恵南、名ハ忍鎧、号空華子、平安之人也。聞香に長じ一時に鳴ル。連理、焼合セ、五味、七国をきゝしるのみならず、凡物の臭気をきくこと常ならず。或雪の朝雪もてさまざまの物の象を作りて童の持来りしを見て、此兎は某の家のあたりの雪かととふ。童どもしかりとこたふ。傍の人おどろき、香のみならず、雪までも鑒定し給ふやととへば、微笑して、此雪魚臭にほひあれば其家をさし、又其載たる板も臭気あれば其人をしりぬ、其人は魚賈なればといへり。又何某の宮の御殿に紅塵といへる名香あまたたくはへ給ふが、或ル時やゝうせたれば、殿下の御沙汰となり、武辺に仰て捜しもとめ給ふに、恵南其ころ名誉あれば、殿下へめして、聞しらずやととはせ給へども、もとよりしらぬことなれば其旨申あげゝれどもこゝよからず。いかにもして其在所をしらまく思ひしが、東寺の御影供にまうでんと壬生より過る道、一陣の風吹来りけるに、えならぬ香気有リ。いぶかしく其かたをさして行に、島原の廓柏やといふものゝ家なり。彼紅塵の香にたがひなければ、入りて尋るにしるものなし。しひてもとめて人毎にいはしむるに、一人の女の童、此比、某の女郎の櫛笄を作たまふ木屑のありしを、よきにほひする木なれば火桶にくべしが其名残にやといへば、やがて明の日殿下にまうし上けるに、ぬすみしは其廓に遊ぶ士なること分明にて、罪に行はれしとなん。
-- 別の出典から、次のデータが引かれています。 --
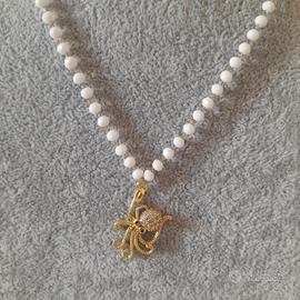 Collane estive artigianali in acciaio inossidabile con cristalli sfaccettati e charms in metallo smaltato o in ottone placcato oro.
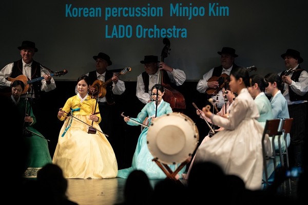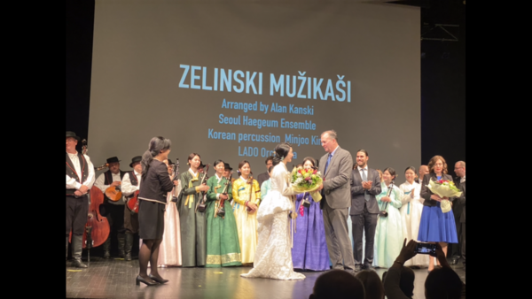 The concert was organized by the Korean Embassy in Croatia and the City of Zagreb. The public in the fully packed Croatian Lisinski Music hall enjoyed in the excellent performance of the “The Throne, Contemplating and Grieving…”, composed by Ji-su Lee, “Haegeum Sanjo of Ji Yeonghui’s School”, performed by Eunah Noh at Haegeum, and Minjo Kim at Korean percussion, together with Seoul Haegeum Ensemble, “Cheonan Samgeori”, performed by a quartet: Eunhah Noh (haegeum), Alan Kanski (dulcimer), Mladen Kosovac (clarinet), and Parvaz Salimov (piano). LADO Orchestra, and Seoul Haegeum Ensemble performed together the Croatian traditional song “Zelinski mužikaši”.
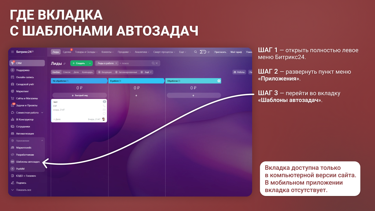 В карточках сделок, лидов и смарт-процессов доступна вкладка «Автозадачи» — выбор шаблона и создание задачи в один клик с привязкой к элементу.
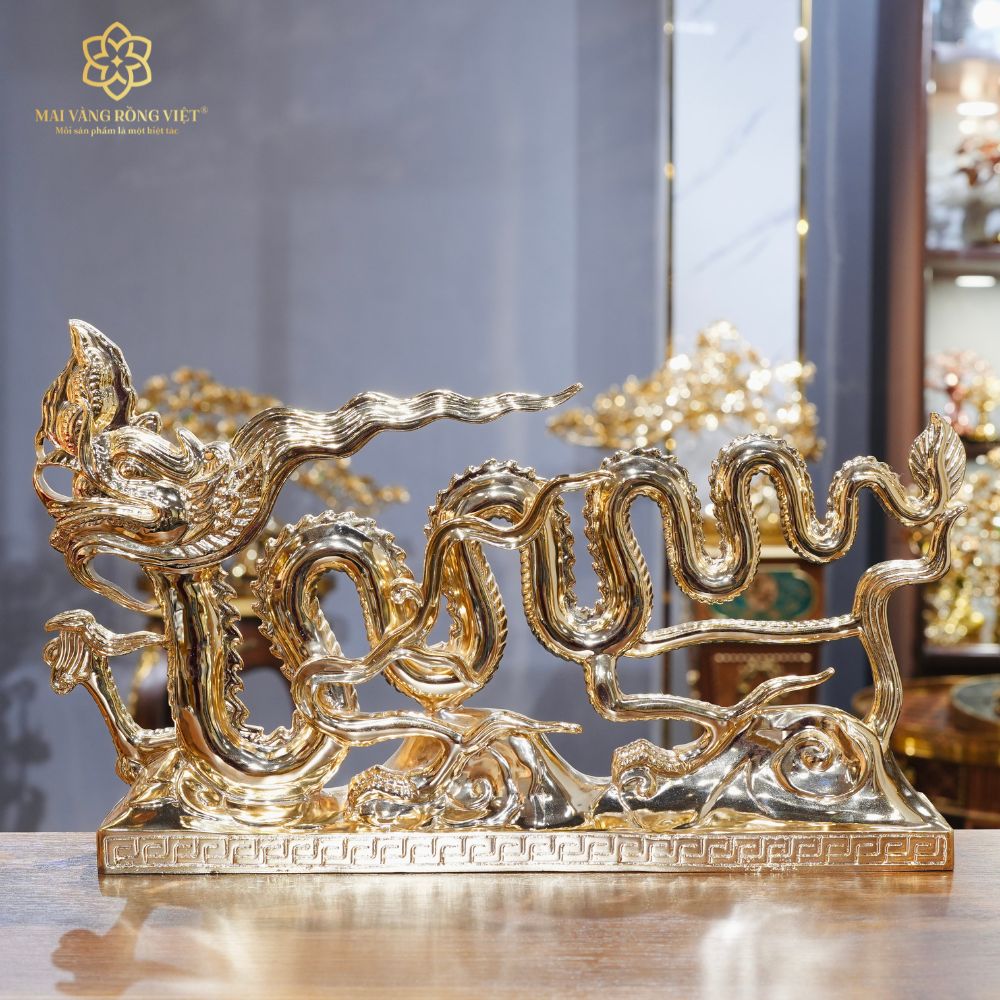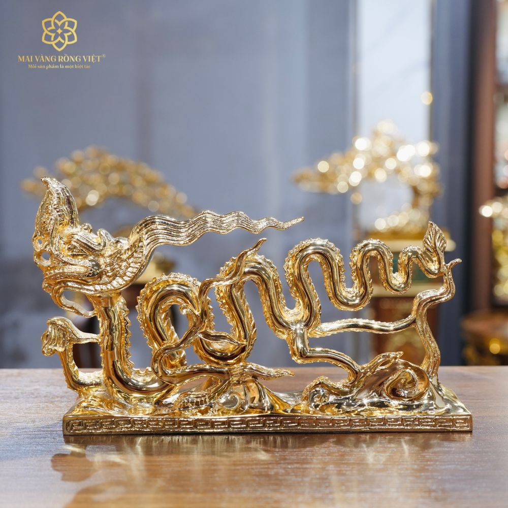 Tượng Rồng Nhà Lý là biểu tượng mang đậm tinh hoa nghệ thuật Đại Việt, kết hợp cùng công nghệ mạ vàng 24K hiện đại tạo nên một tác phẩm sang trọng, giá trị và giàu ý nghĩa phong thủy.
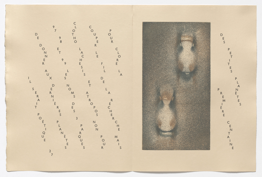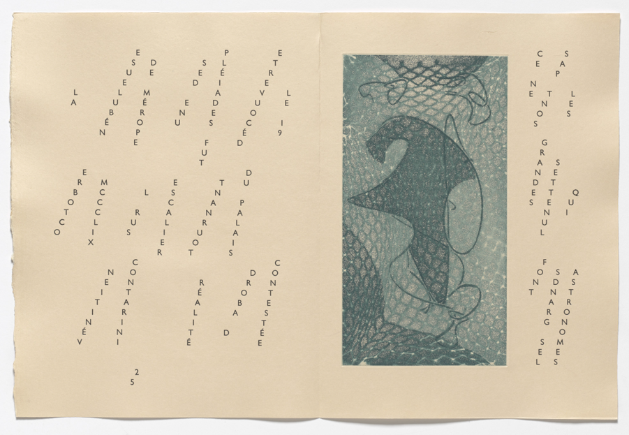 Книгу иллюстрируют 34 офорта Макса Эрнста. Все они представляют собой абстрактные изображения, часто на грани фигуративности. Используя сдержанную палитру охристо-серых тонов, местами со вставками ярко красных оттенков, Макс Эрнст делает больший акцент на объемности, ощущении глубины пространства. Это ощущение он создает, применяя принцип наложения друг на друга повторяющихся элементов в уменьшенном и увеличенном размере разным цветом, создавая впечатление объекта и тени, тем самым углубляя пространство, а также путем высветления участков вокруг или рядом с фигурой, создавая иллюзию света, идущего как бы из глубины изображения. Офорты очень гармонично включены в конструкцию текста. Они охватывают темы космоса, природы и человека (в каких-то из них читаются небесные тела, спирали галактик, абстрактное изображение туманностей, ботанические, зооморфные и антропоморфные формы). В этих абстрактных изображениях безошибочно угадывается изображаемый объект [Greet 1982, p. 12]. Офорты, расположенные по центру страницы, являются неким намеком, воссоздают мотив, который ориентирует читателя [Castleman 1995, p. 33].
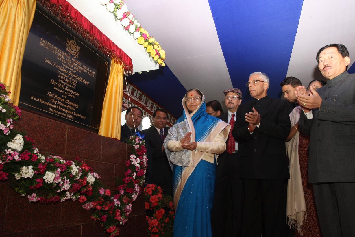 | Caption: | The President of India, Smt Pratibha Devisingh Patil during the Inauguration of Khangchendzonga Tourist Villa-Cum-Socio-Cultural and Amusement Park at Ranka in Sikkim on April 15, 2010 |
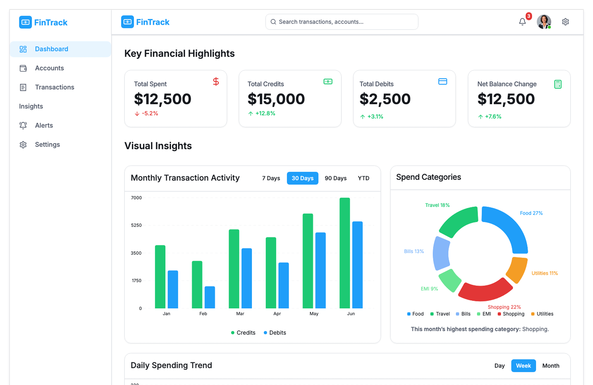 Finance Teams Monitor daily, weekly, and monthly transaction summaries
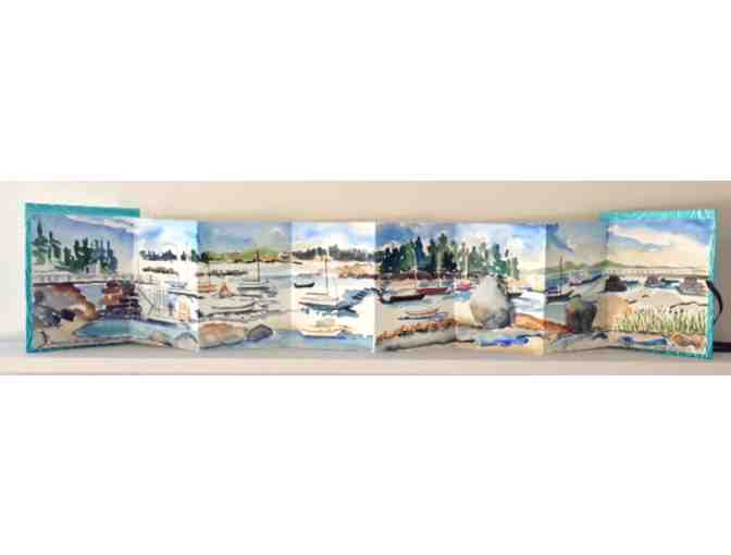 Summer in Brooklin, is an accordion book of an original watercolor of Center Harbor, by Marcia Stremlau.
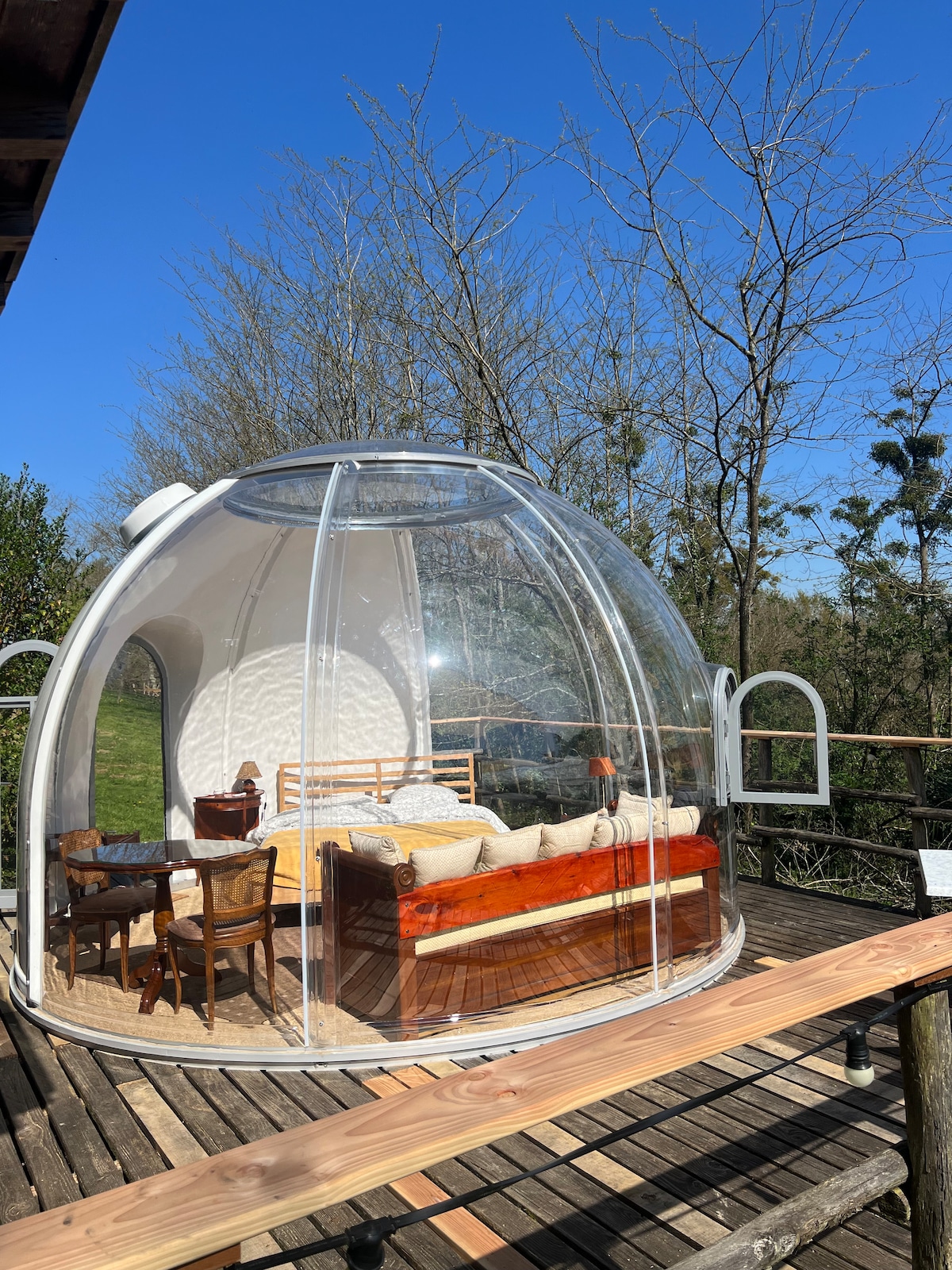 Laissez vous tenter par l'expérience d'une nuit magique et atypique dans notre bulle située au coeur de la campagne basque. Son dôme transparent vous offre la possibilité de passer une nuit à la belle étoile dans une ambiance chaleureuse et confortable. La douche et les toilettes sèches se cachent dans un chalet attenant à la bulle, le tout sur une terrasse équipée de transats, d'une table et deux chaises pour diner ou déjeuner aux chants des oiseaux.
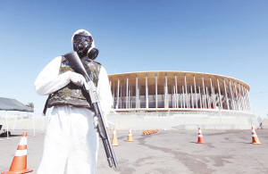 里约安保加强备战 7月28日,在巴西利亚加林查国家体育场内,一名巴西防生化、辐射、核武器部队士兵参与防恐演习。在里约奥运会期间,巴西将组成有史以来最大规模的安保联动队伍,确保里约奥运会安全、顺利地举行。新华社发
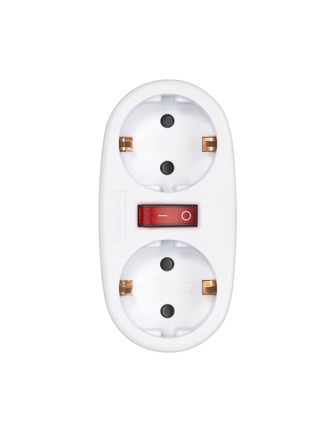 Adaptador 2 tomas schuko frontal con interruptor permite controlar de forma práctica y segura dos dispositivos eléctricos desde un único interruptor, 16 a 250 v~, blanco
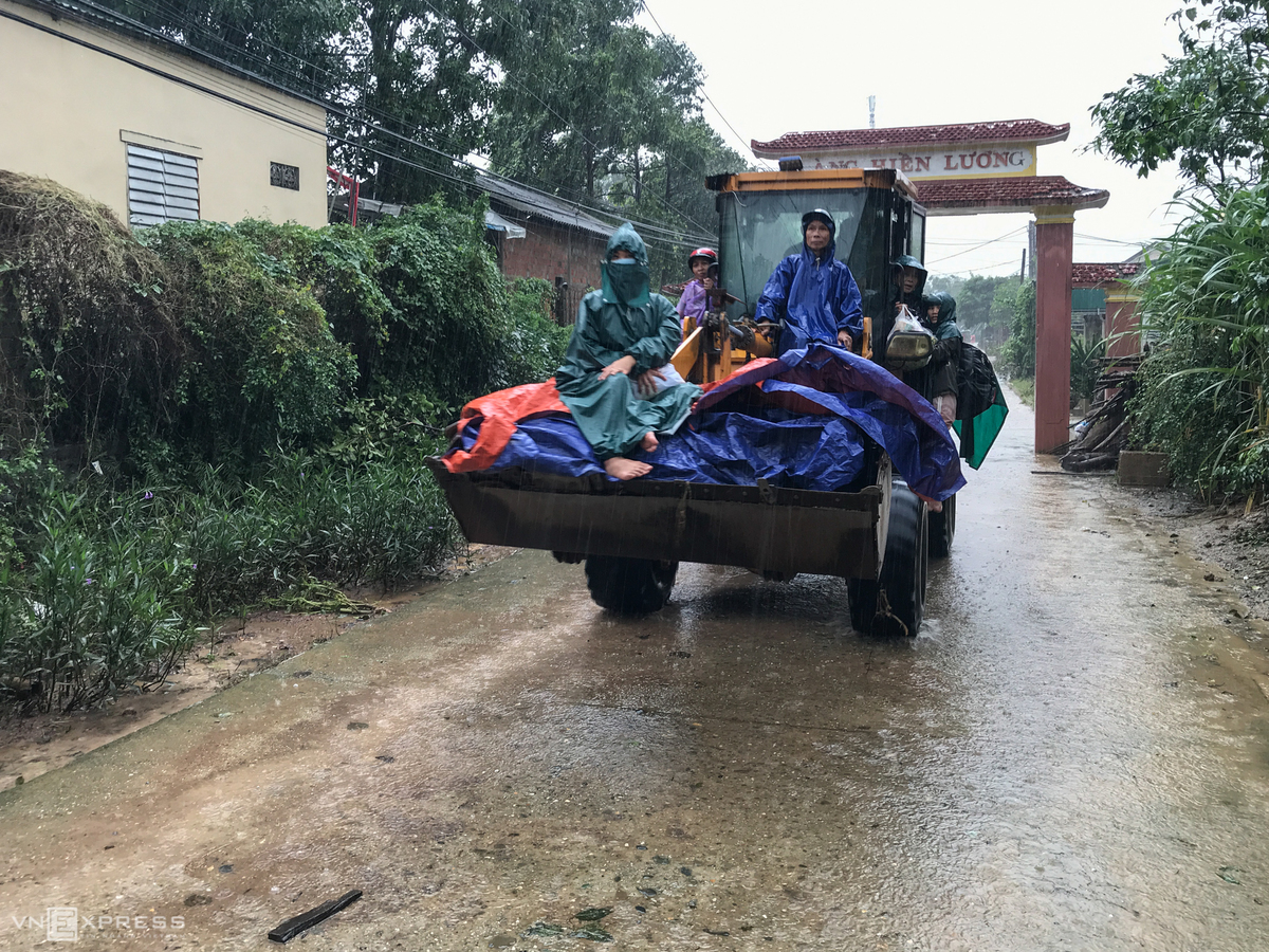 Trẻ em, người già, phụ nữ được đưa lên xe ben, xe kéo, công nông… để đến nơi cao ráo.
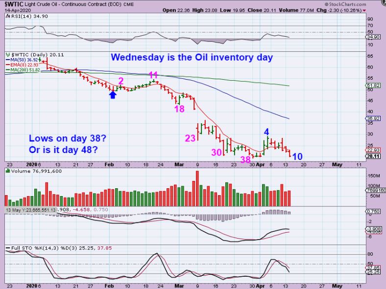 WTIC – If Oil breaks to a new low, I would have to say that this is not a day 38 low, but we’d be on day 49.  We still have very strong divergence and the Oil Stocks remained bullish, so I still believe that we are at ‘the lows’, it is just a matter of whether or not they get broken & reverse to extend the count (shake out) or not. It looks like a double bottom low with that MACD Divergence.

閑田子おもふ。よを捨人のよしなき能によりて罪人の訴人となるはうたてしきことなれども、其能は希代のこと也。此僧、画もよくて風韻あり。和歌をもこ好みし人也。華顛、数首を出されたれども、常調なれば略きて今二首を掲ぐ。

子規頻 ほとゝぎす待し恨もわすれねと此あかつきぞをちかへり鳴く

釈教 法のため歎ざらめや別れ行みちのちまたのひとの迷ひを

寿八十有余にて歿し、とり辺山に収む。